§ **Exercise**
Below are some records. Print exactly the lines between the one holding "on the women’s" and the one holding "В России многотонные", inclusive, and nothing else.

§ **Records for this exercise**
'''

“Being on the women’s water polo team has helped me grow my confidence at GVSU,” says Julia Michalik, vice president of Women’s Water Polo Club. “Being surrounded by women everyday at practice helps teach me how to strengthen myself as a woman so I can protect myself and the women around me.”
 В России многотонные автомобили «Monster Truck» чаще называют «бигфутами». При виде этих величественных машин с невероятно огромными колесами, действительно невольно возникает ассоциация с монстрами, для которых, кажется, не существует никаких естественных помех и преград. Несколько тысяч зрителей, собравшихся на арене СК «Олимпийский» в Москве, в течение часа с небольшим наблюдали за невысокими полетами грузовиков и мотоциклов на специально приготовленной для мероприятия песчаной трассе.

'''
'''

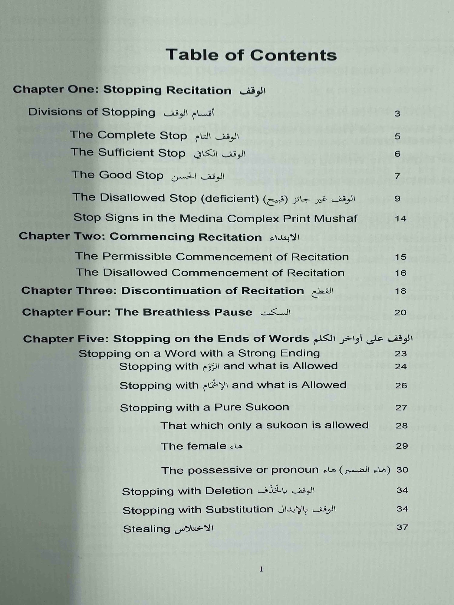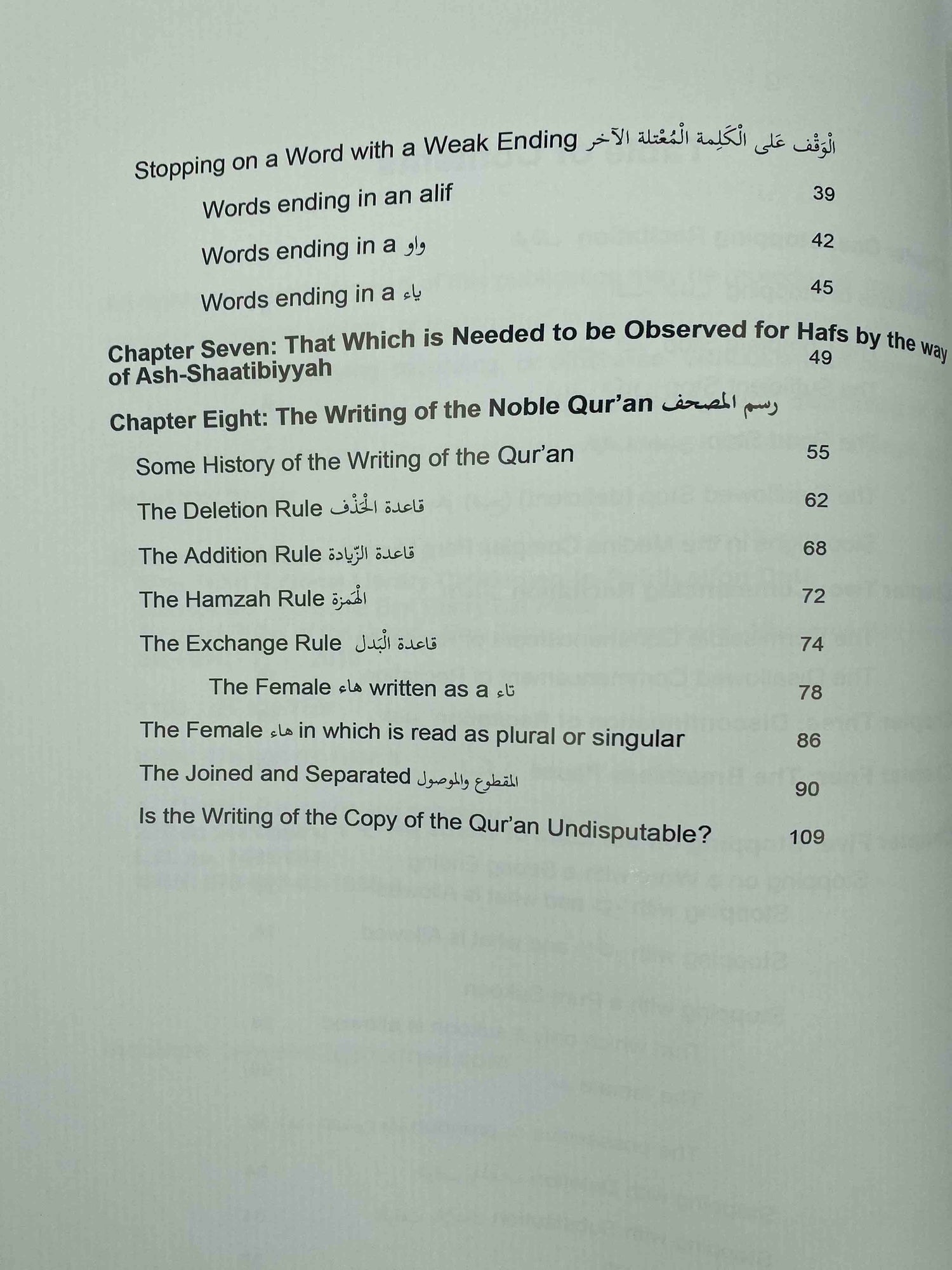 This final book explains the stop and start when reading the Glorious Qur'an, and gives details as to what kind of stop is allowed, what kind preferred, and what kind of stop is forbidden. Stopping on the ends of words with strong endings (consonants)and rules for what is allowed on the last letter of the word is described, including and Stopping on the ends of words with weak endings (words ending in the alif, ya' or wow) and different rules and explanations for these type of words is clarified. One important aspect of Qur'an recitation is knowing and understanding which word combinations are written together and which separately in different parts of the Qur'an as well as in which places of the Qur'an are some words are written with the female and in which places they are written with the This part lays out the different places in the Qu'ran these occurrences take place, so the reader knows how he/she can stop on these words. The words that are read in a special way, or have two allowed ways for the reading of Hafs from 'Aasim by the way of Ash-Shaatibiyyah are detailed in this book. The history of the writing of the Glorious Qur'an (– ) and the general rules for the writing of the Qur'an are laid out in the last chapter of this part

'''

§ **Exercise output**
“Being on the women’s water polo team has helped me grow my confidence at GVSU,” says Julia Michalik, vice president of Women’s Water Polo Club. “Being surrounded by women everyday at practice helps teach me how to strengthen myself as a woman so I can protect myself and the women around me.”
 В России многотонные автомобили «Monster Truck» чаще называют «бигфутами». При виде этих величественных машин с невероятно огромными колесами, действительно невольно возникает ассоциация с монстрами, для которых, кажется, не существует никаких естественных помех и преград. Несколько тысяч зрителей, собравшихся на арене СК «Олимпийский» в Москве, в течение часа с небольшим наблюдали за невысокими полетами грузовиков и мотоциклов на специально приготовленной для мероприятия песчаной трассе.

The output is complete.